Exercise input ▸
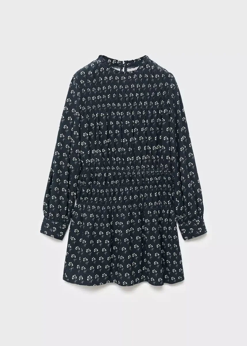 Płynny materiał. Krój w kształcie litery A. Nadrukowany wzór. Kwiatowy wzór. Okrągły dekolt. Długie rękawy. Marszczone detale. Zapięcie na guziki z tyłu. Powrót do szkoły.
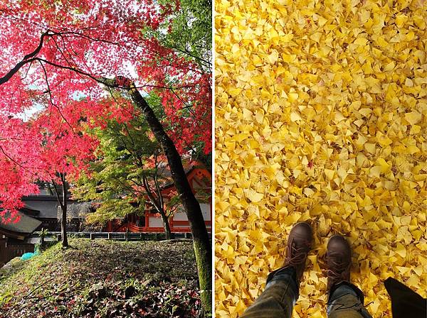 火燒般艷麗的紅葉、從樹枝頂端到地上鋪滿澄黃的銀杏葉,
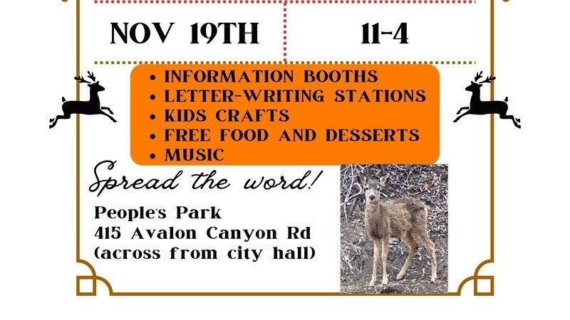Please join us for an afternoon of food, fun, and opportunities to join local efforts here in Avalon to help stop the Slaughter of our beloved deer. We will have tables with information and letters to important decision makers that you can simply sign on site. We will do all the rest to make sure your voices are heard! We will also have Spanish language versions available to ensure ALL members of our community have the chance to make their voices heard. This is a crucial part of our efforts and we KNOW it has made a difference. We will also have packets you can take with you to friends and family who may not have the opportunity to attend the event. In addition, we will have the opportunity to sign up on our volunteer list for future efforts and a chance to contribute financially if you can. We have learned that letters from the citizens of Avalon are especially impactful and we want to let them know how many people here vehemently oppose the heinous plans of the Catalina Island Conservancy to slaughter our deer. And last but not least we will have fabulous FOOD, MUSIC, and a KIDS art table. Come join and help keep up the fight!
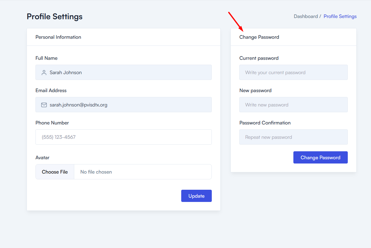 Save your changes and wait for the confirmation message indicating your password has been updated.
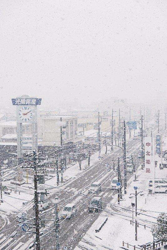 然而开始暴雪,又不敢单独去车站的路于是只好在车站附近觅食。
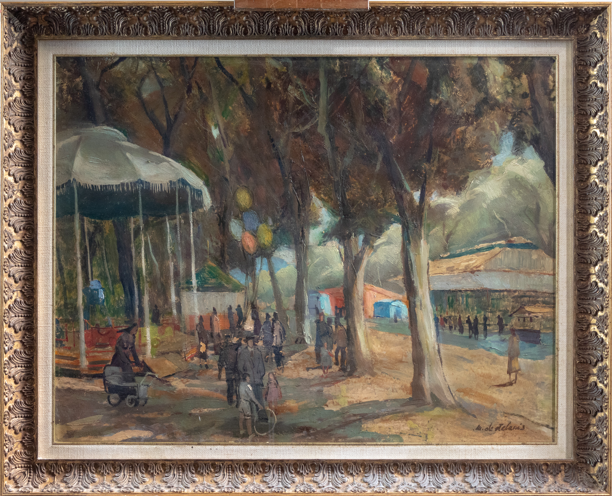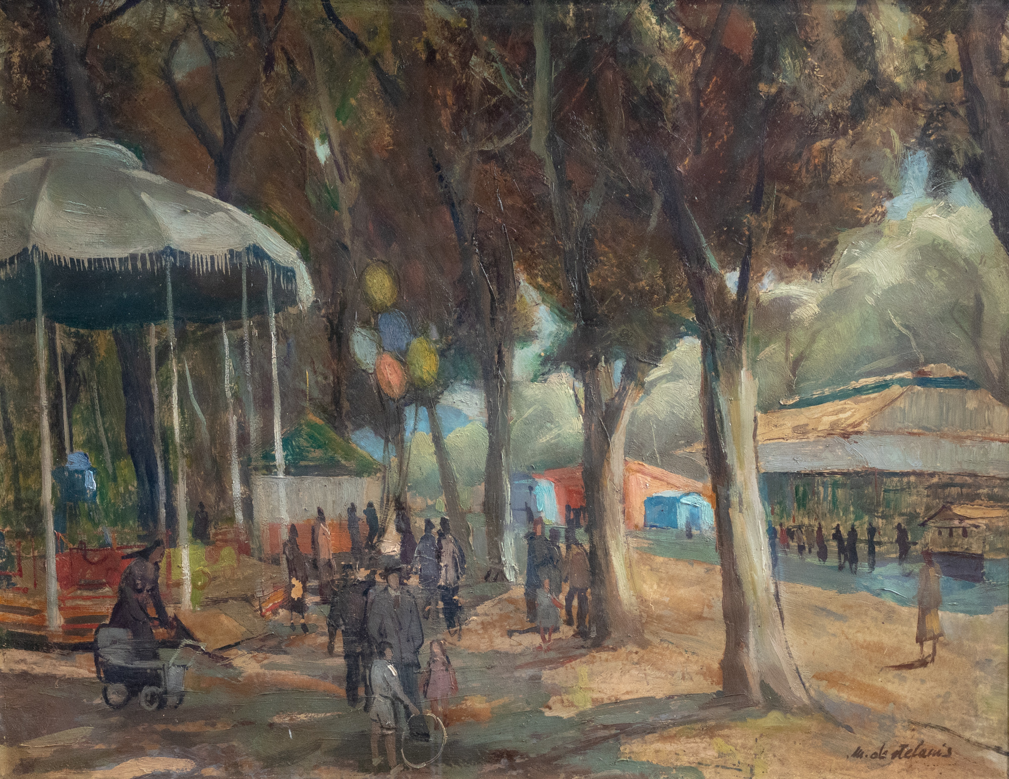 Michele Destefanis (Pozzuoli 1917 - Todi, 2015), Alle giostre, Olio su tavola, 58x75 cm.

What the task asks ▸
Go through the records and repeat each one exactly, skipping anything that is a picture.

The completed task ▸
 Płynny materiał. Krój w kształcie litery A. Nadrukowany wzór. Kwiatowy wzór. Okrągły dekolt. Długie rękawy. Marszczone detale. Zapięcie na guziki z tyłu. Powrót do szkoły.
 火燒般艷麗的紅葉、從樹枝頂端到地上鋪滿澄黃的銀杏葉,
Please join us for an afternoon of food, fun, and opportunities to join local efforts here in Avalon to help stop the Slaughter of our beloved deer. We will have tables with information and letters to important decision makers that you can simply sign on site. We will do all the rest to make sure your voices are heard! We will also have Spanish language versions available to ensure ALL members of our community have the chance to make their voices heard. This is a crucial part of our efforts and we KNOW it has made a difference. We will also have packets you can take with you to friends and family who may not have the opportunity to attend the event. In addition, we will have the opportunity to sign up on our volunteer list for future efforts and a chance to contribute financially if you can. We have learned that letters from the citizens of Avalon are especially impactful and we want to let them know how many people here vehemently oppose the heinous plans of the Catalina Island Conservancy to slaughter our deer. And last but not least we will have fabulous FOOD, MUSIC, and a KIDS art table. Come join and help keep up the fight!
 Save your changes and wait for the confirmation message indicating your password has been updated.
 然而开始暴雪,又不敢单独去车站的路于是只好在车站附近觅食。
 Michele Destefanis (Pozzuoli 1917 - Todi, 2015), Alle giostre, Olio su tavola, 58x75 cm.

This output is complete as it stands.